Toronto was currently ahead by two despite all the neutral zone bullshit Florida was trying to pull. “One more goal, huh?”
“Yup.”
The rules of hockey changed every time Andy watched a game.
Ten minutes later, Dakota tucked Helix into bed next to Andy, then got in himself, sitting up with his back against the wall, long legs almost reaching the end of the twin-sized bed. “What do you want to read tonight?”
Andy rolled onto his side, Helix tucked into the crook of his arm, and picked at Dakota’s sweatpants. “Don’t wanna read.”
“What would you like then?” Dakota asked, running his fingers through Andy’s hair.
Andy was quiet for a moment, picking at the pilling on Dakota’s pants. “Dad.”
“Yeah?”
“I don’t think Mom’ll like chicken nuggets an’ fries.”
Dakota didn’t think so either. “What should we make instead then?”
“Stew.”
“Stew?” He squinted down at Andy. “How do you even know what that is?” When was the last time he’d made stew, if ever?

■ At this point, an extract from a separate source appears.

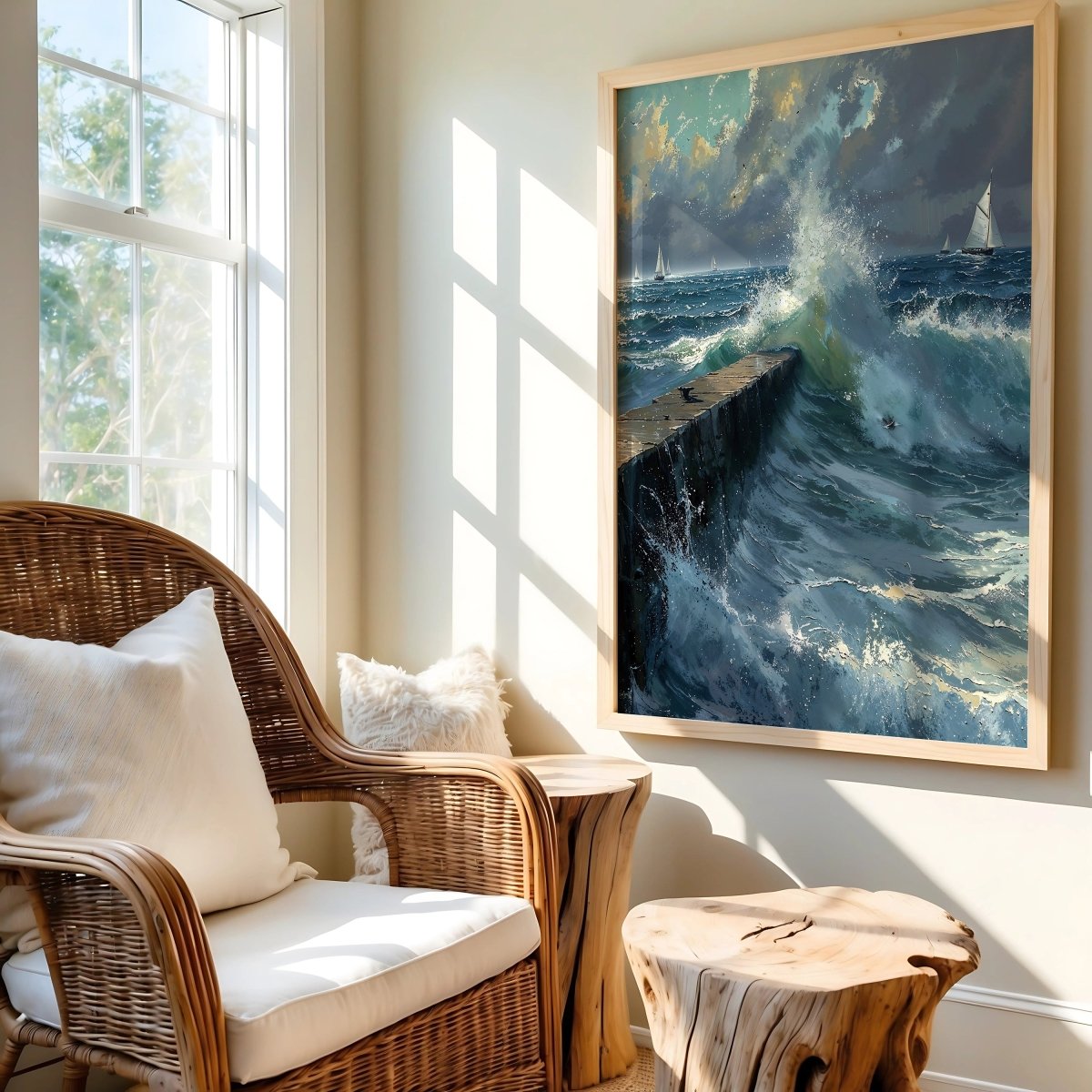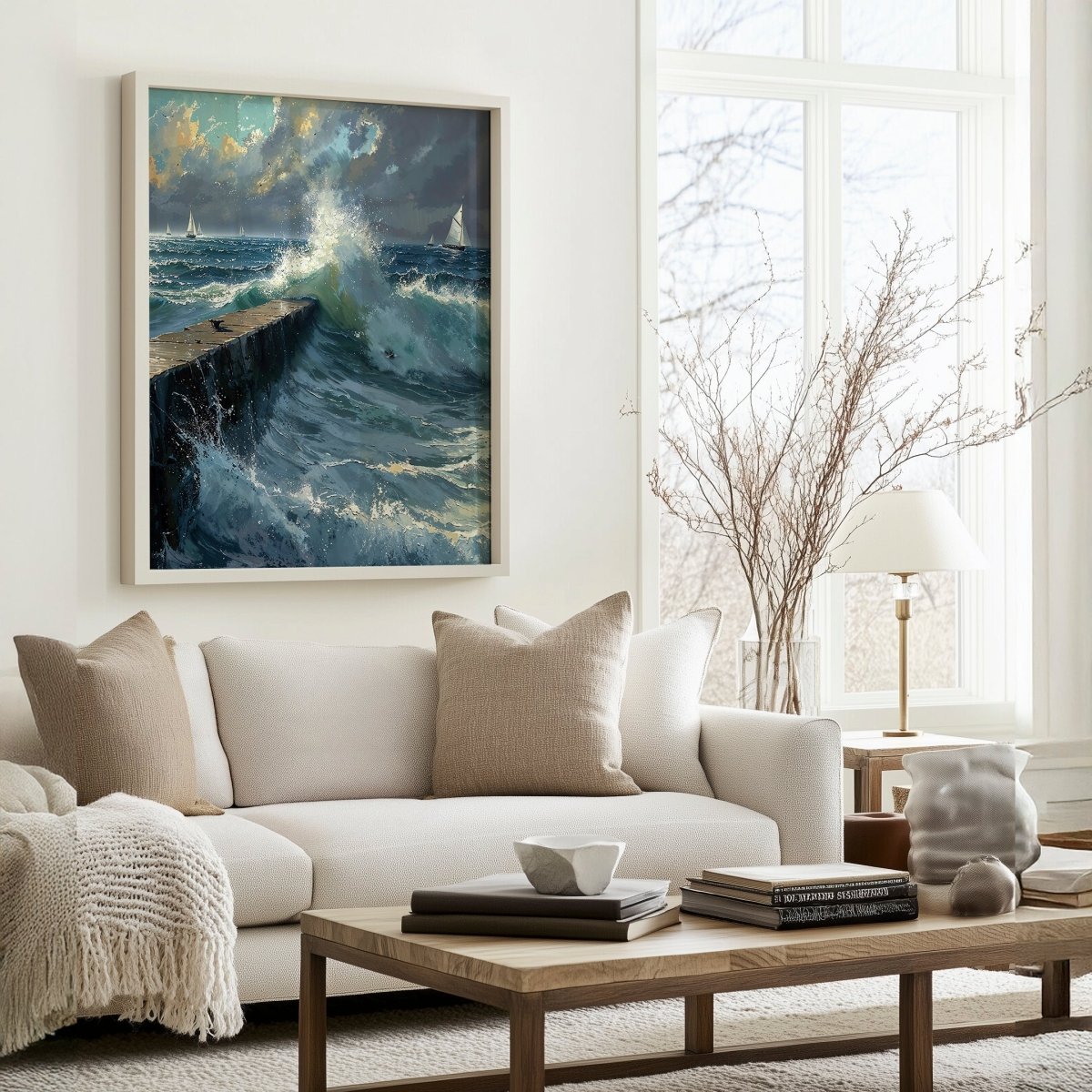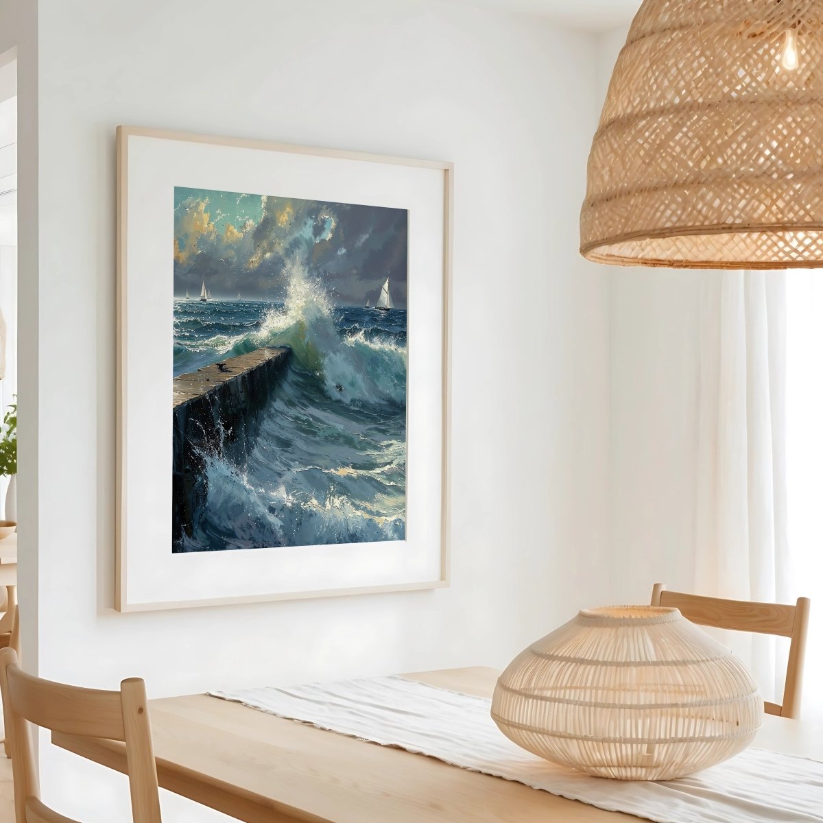 Ideal for coastal interiors or spaces that require dynamic intensity, this painting offers presence over prettiness. It is not merely a seascape—it is confrontation, momentum, and awe distilled.

“Grandma made it at Christmas.”
Dakota didn’t remember that, but okay. Guess he was calling his mom tomorrow morning for the recipe.
“Daddy.”
“Mm-hmm.”
Andy’s eyes slid closed. “Mom’s not coming tomorrow.”
“How do you . . . ?” But Andy was already asleep.
Dakota kissed him twice on the head, once for each full-time parent he should’ve had. “Goodnight, my baby,” he whispered. Standing as smoothly as he could so he didn’t rock the bed, he left the door open a crack before heading back downstairs. He moved their half-finished puzzle to the side of the room and pulled the coffee table back into place before grabbing his phone off the end table next to the couch.